Tarfa bint Abdullah Al Sheikh (; 1884–1906) was one of the spouses of Abdulaziz bin Abdul Rahman, Emir of Nejd (later King Abdulaziz of Saudi Arabia), and the mother of Princess Noura and King Faisal.

Background and early life

Tarfa bint Abdullah Al Sheikh was born in 1884. Her mother was Haya bint Abdul Rahman Al Muqbel. Her family were from a village near Riyadh.

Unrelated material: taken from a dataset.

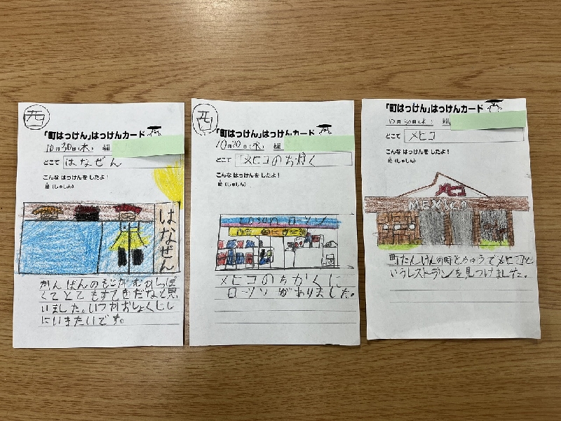 今後は、町探検で見つけたことをクラスごとにまとめていきたいと思います。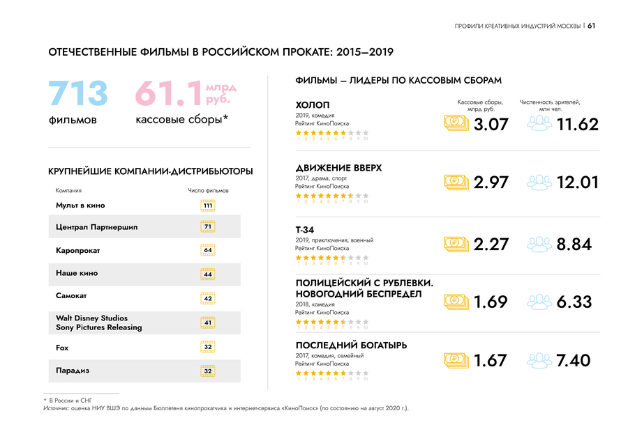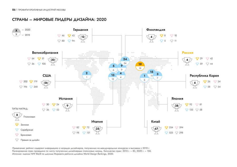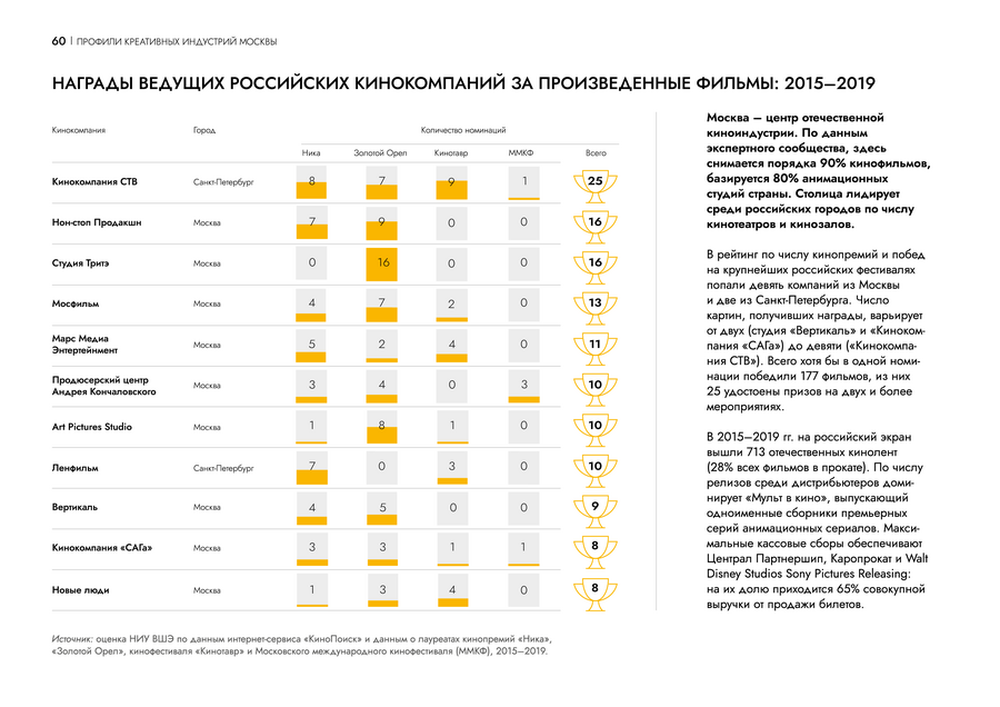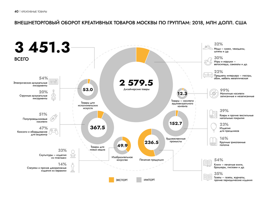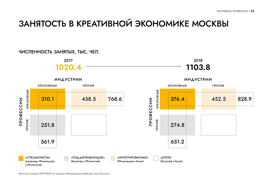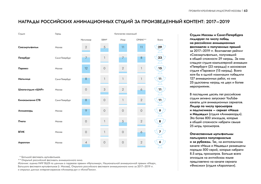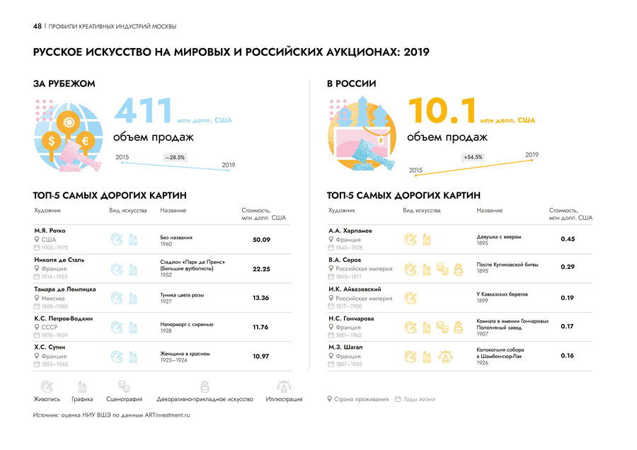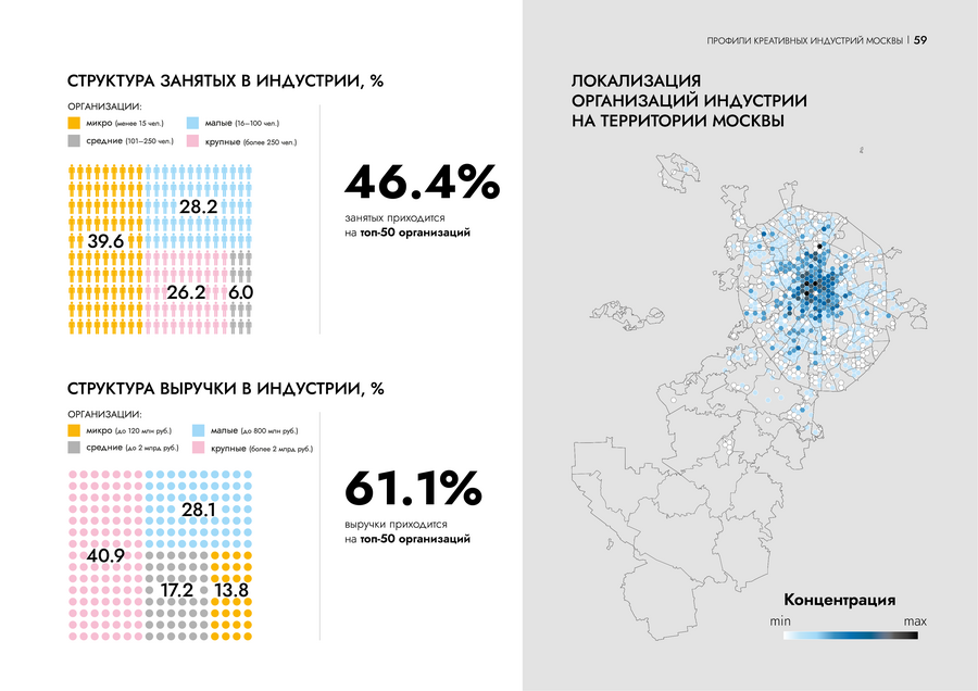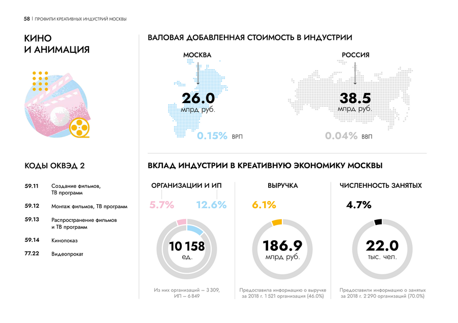 На страницах профиля креативной индустрии инфографика помогает сравнить данные между собой и погружает читателя в контекст. Пользователю проще проанализировать ситуацию на рынке.

Tarfa's father, Abdullah bin Abdullatif Al Sheikh, was a member of the Al Sheikh family and one of the principal religious teachers and advisers to the Emir of Nejd, Abdulaziz bin Abdul Rahman. However, until Emir Abdulaziz captured Riyadh, Abdullah was a supporter of Emir Muhammad bin Abdullah Al Rashid. Tarfa was one of Muhammad ibn Abd al-Wahhab's eighth generation direct descendants.

Personal life and death
Tarfa bint Abdullah married Emir Abdulaziz in 1902 immediately after he captured Riyadh. She was his third wife. Tarfa's sister Munira married Abdulaziz's half-brother Muhammad bin Abdul Rahman, and her other sister, Sara, married Abdulaziz's full-brother Saad bin Abdul Rahman. These marriages were strategic moves to strengthen the links between the Al Sauds and the Al Sheikhs.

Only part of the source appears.